PANDEGLANG, RADARBANTEN.CO.ID – Akademisi Kebijakan Publik Institut Kemandirian Nusantara (IKNUS), Arif Nugroho, menanggapi sikap Asosiasi Pemerintah Desa Seluruh Indonesia (APDESI) Kabupaten Pandeglang yang menolak Peraturan Menteri Keuangan (PMK) Nomor 81 Tahun 2025. PMK tersebut mengatur pengalokasian Dana Desa untuk pembangunan Koperasi Desa/Kelurahan Merah Putih (KDKMP).
Arif menilai kebijakan tersebut sejalan dengan arah besar pemerintah dalam membangun desa secara lebih struktural. Selama ini, pemerintah desa banyak menggunakan Dana Desa untuk belanja rutin dan kebutuhan jangka pendek. Melalui kebijakan ini, pemerintah mendorong desa memiliki fondasi ekonomi sendiri melalui koperasi.
“Kalau saya melihat PMK Nomor 81 Tahun 2025 ini, itu bagian dari arah besar kebijakan Presiden membangun desa secara lebih struktural. Dana Desa selama ini sangat membantu, tapi sebagian besar habis untuk kebutuhan jangka pendek. Presiden ingin mendorong desa punya fondasi ekonomi sendiri melalui koperasi,” kata Arif Nugroho, Kamis, 18 Desember 2025.
Arif mengakui kekhawatiran kepala desa wajar karena selama ini Dana Desa digunakan untuk program yang hasilnya cepat terlihat. Namun, jika pola tersebut terus berlanjut, desa berpotensi mengalami stagnasi pembangunan.
Menurutnya, penggunaan Dana Desa untuk koperasi bukan sekadar pengeluaran, melainkan investasi sosial dan ekonomi jangka panjang jika desa mengelolanya secara transparan melalui musyawarah desa serta pendampingan yang baik.
“Yang perlu dikritisi sekarang bukan programnya, tapi implementasinya. Kalau tata kelolanya rapi dan pengawasannya kuat, koperasi desa justru bisa menjadi penggerak ekonomi warga. Ini juga sejalan dengan arah besar Presiden yang ingin membangun Indonesia dari desa, bukan sekadar menyalurkan anggaran,” jelasnya.

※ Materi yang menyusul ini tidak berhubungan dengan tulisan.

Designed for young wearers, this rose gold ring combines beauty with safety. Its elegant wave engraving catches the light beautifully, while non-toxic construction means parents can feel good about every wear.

Terkait kekhawatiran APDESI mengenai pemenuhan kebutuhan dasar masyarakat desa, Arif menegaskan bahwa hal tersebut bergantung pada implementasi kebijakan, bukan pada substansi program koperasi. Dengan pengaturan porsi anggaran yang bijak, koperasi justru dapat membantu desa memenuhi kebutuhan dasar secara berkelanjutan.
Arif juga menilai masukan APDESI terkait sumber pendanaan sebagai hal yang wajar. Ia mendorong pemerintah pusat untuk menjelaskan strategi nasional di balik kebijakan tersebut agar desa memahami risiko dan manfaat program koperasi desa.

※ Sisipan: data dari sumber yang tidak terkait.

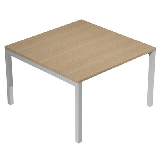 Tavolo riunioni con piano 120 x 120 cm, in spessore 25 mm, con assenza di spigoli vivi, bordato in abs sp.2 mm. Realizzato in materiale melaminico, classe E1, con finitura antigraffio e antiriflesso. Struttura in metallo, con solida gamba di sezione 50x50 mm. in finitura grigio alluminio. Piano dotato di ampio passacavi rettangolare centrale.

Mengenai keterlambatan pencairan Dana Desa, Arif menilai hal itu perlu menjadi catatan penting, namun tidak dapat dijadikan alasan untuk menolak kebijakan pembangunan koperasi desa.
Menurutnya, Dana Desa cukup dijadikan pemantik awal. Sementara itu, sumber pendanaan lain dapat berasal dari pemerintah pusat, perbankan nasional, BUMN, serta lembaga keuangan negara.

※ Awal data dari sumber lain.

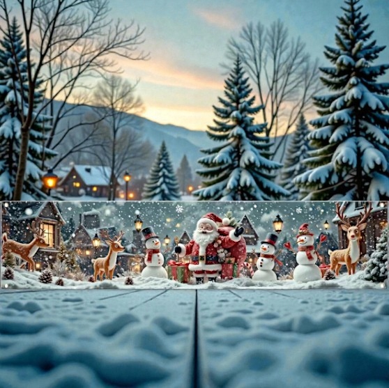 ✅ Piękny nadruk 2D - motywy Świętego Mikołaja, bałwany, prezenty.
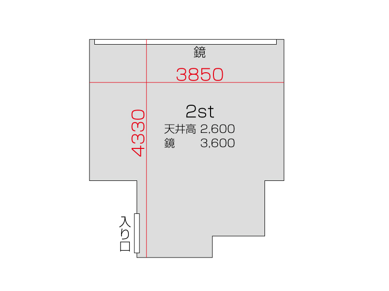 広さ 15.5㎡ 天井高 2.6m 鏡 3.6m
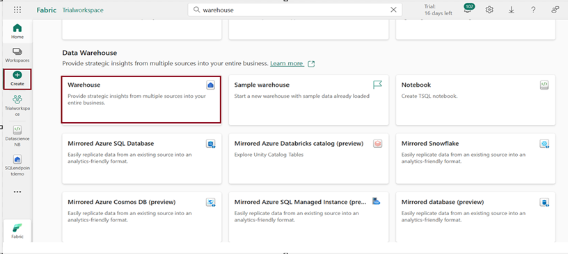 - Click on “Create” from navigation pane on the left and choose warehouse under “Data warehouse” to create a warehouse environment.
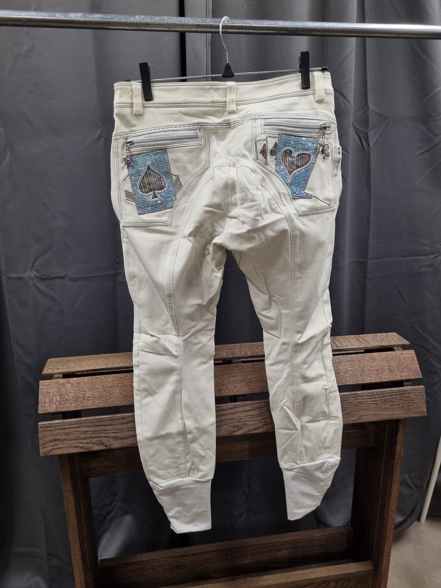 Paljettprydda bakfickor med silverglittrande dragkedja, dragtapp i form av stjärna med bling.
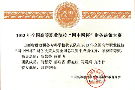 bat365在2013年全国高职院校“网中网杯”财务决策大赛中荣获特等奖
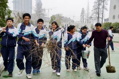 3月12日,是全国的植树节。武汉市第七十一中学初三的同学们,抓紧在离6月20日中考前的一百天时间,放松心情,调整心态,用栽树的方式,为自己即将来临的中考减压,为母校增绿,做永恒的留念。

“Dengan skema campuran ini, koperasi bisa tumbuh, desa tidak kehilangan ruang fiskal, dan arah besar kebijakan Presiden untuk memperkuat ekonomi desa dapat berjalan lebih berkelanjutan,” katanya.
Secara umum, Arif menegaskan bahwa kebijakan tersebut merupakan upaya pemerintah mendorong desa naik kelas. Meski tantangan tetap ada, ia menilai arah kebijakan sudah tepat.
“Yang penting, semua pihak mengawal implementasinya agar desa benar-benar menjadi subjek pembangunan, bukan sekadar objek kebijakan,” pungkasnya.
Sebelumnya, Asosiasi Pemerintah Desa Seluruh Indonesia (APDESI) Kabupaten Pandeglang menyatakan penolakan terhadap PMK Nomor 81 Tahun 2025 yang mengatur pengalokasian Dana Desa untuk pembangunan Koperasi Desa/Kelurahan Merah Putih (KDKMP).
APDESI menilai kebijakan tersebut berpotensi mengganggu keberlanjutan program prioritas serta operasional pemerintahan desa.